» **PROVIDED INFORMATION**
□ □ □ □ □ □ □
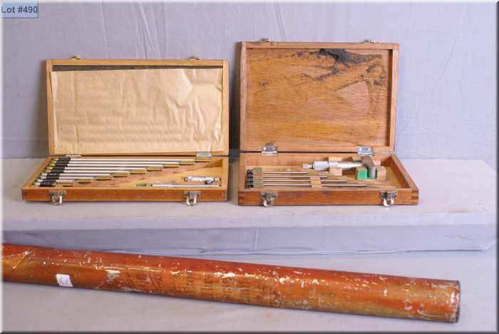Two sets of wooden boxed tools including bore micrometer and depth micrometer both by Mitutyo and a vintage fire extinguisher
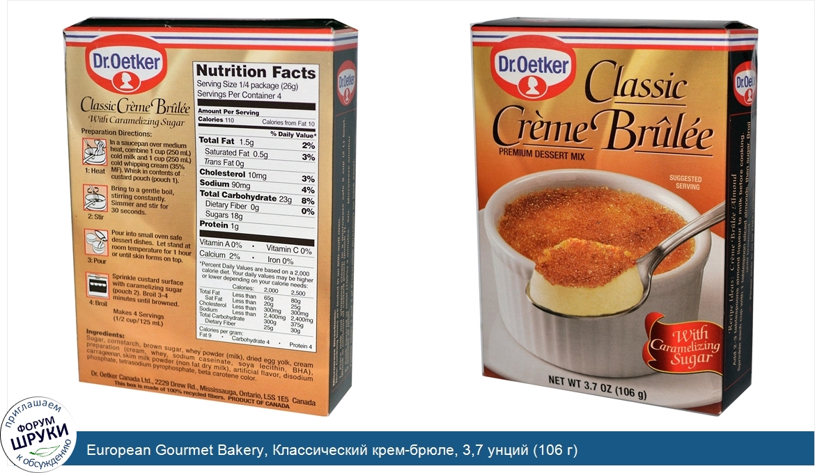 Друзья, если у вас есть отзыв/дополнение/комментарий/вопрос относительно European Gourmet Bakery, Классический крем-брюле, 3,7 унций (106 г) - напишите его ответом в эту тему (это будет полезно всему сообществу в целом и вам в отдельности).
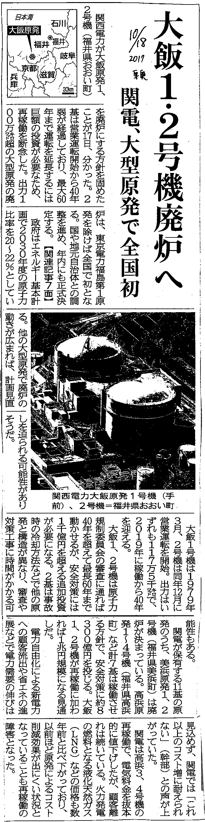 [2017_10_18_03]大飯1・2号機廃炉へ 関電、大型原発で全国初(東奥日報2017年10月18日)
□ □ □ □ □ □ □
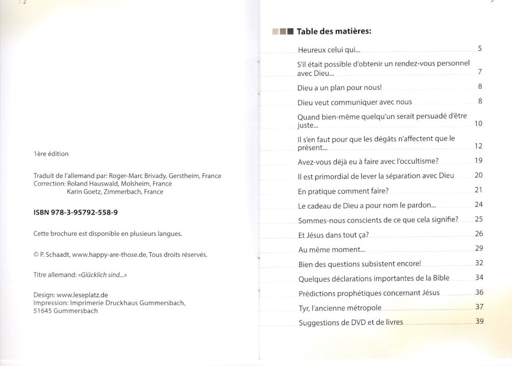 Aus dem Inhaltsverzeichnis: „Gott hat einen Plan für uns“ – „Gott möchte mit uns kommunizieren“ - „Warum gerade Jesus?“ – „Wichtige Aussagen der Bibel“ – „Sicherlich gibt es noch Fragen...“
□ □ □ □ □ □ □
» **TASK**
The lines to copy exactly start with the line above that has "Друзья, если у" and go on through the line that has "[2017_10_18_03"; please include both, add nothing else, and omit the pictures.

» **RESULT**
 Друзья, если у вас есть отзыв/дополнение/комментарий/вопрос относительно European Gourmet Bakery, Классический крем-брюле, 3,7 унций (106 г) - напишите его ответом в эту тему (это будет полезно всему сообществу в целом и вам в отдельности).
 [2017_10_18_03]大飯1・2号機廃炉へ 関電、大型原発で全国初(東奥日報2017年10月18日)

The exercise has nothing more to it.